● **ACTIVITY**:
Your task is to return the listing below word for word, without any of its images.
GIVEN DATA below:
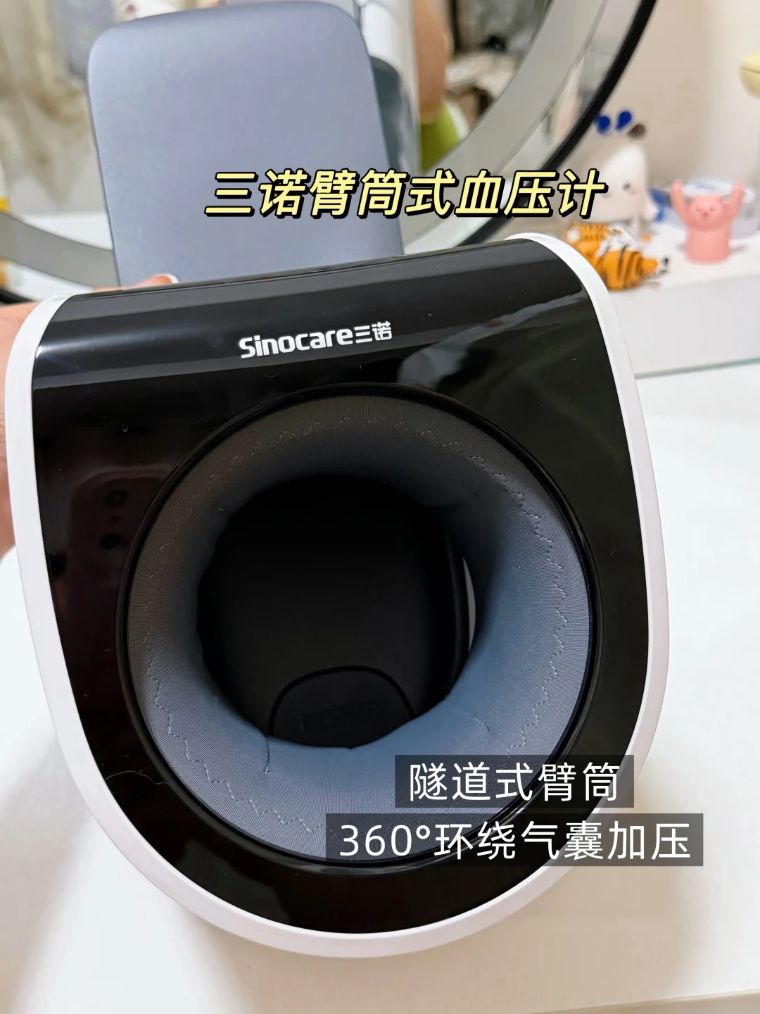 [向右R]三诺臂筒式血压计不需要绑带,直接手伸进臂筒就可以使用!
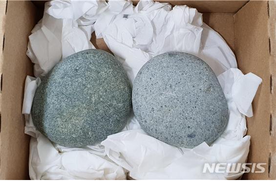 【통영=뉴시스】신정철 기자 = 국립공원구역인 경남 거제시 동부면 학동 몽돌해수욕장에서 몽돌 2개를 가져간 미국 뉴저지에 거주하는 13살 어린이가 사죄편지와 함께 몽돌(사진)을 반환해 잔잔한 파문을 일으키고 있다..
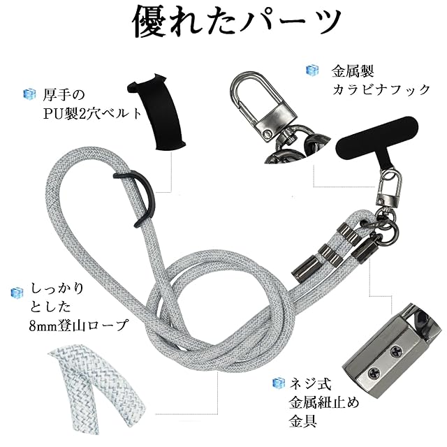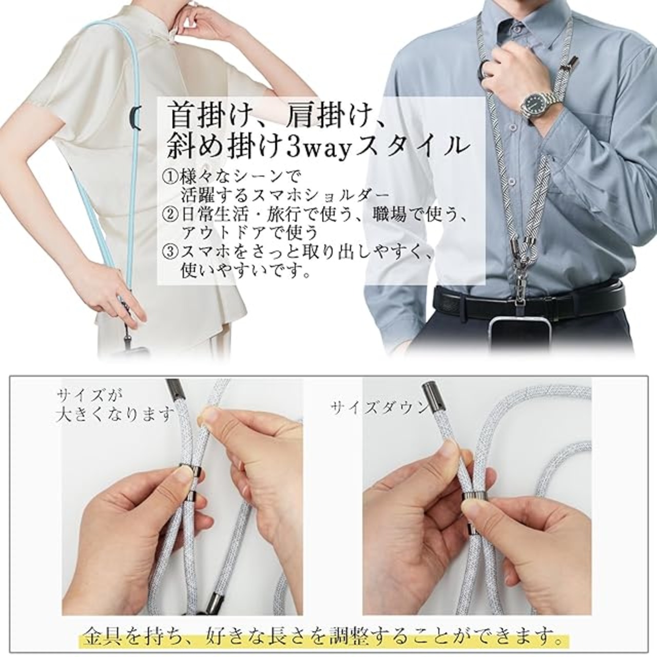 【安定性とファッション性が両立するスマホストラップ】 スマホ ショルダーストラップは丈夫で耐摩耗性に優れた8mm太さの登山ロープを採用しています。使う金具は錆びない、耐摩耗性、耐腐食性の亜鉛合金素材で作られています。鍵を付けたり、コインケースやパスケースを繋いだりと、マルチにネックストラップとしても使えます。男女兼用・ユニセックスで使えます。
End of GIVEN DATA.
● **REPLY TO THE EXERCISE**:
 [向右R]三诺臂筒式血压计不需要绑带,直接手伸进臂筒就可以使用!
 【통영=뉴시스】신정철 기자 = 국립공원구역인 경남 거제시 동부면 학동 몽돌해수욕장에서 몽돌 2개를 가져간 미국 뉴저지에 거주하는 13살 어린이가 사죄편지와 함께 몽돌(사진)을 반환해 잔잔한 파문을 일으키고 있다..
 【安定性とファッション性が両立するスマホストラップ】 スマホ ショルダーストラップは丈夫で耐摩耗性に優れた8mm太さの登山ロープを採用しています。使う金具は錆びない、耐摩耗性、耐腐食性の亜鉛合金素材で作られています。鍵を付けたり、コインケースやパスケースを繋いだりと、マルチにネックストラップとしても使えます。男女兼用・ユニセックスで使えます。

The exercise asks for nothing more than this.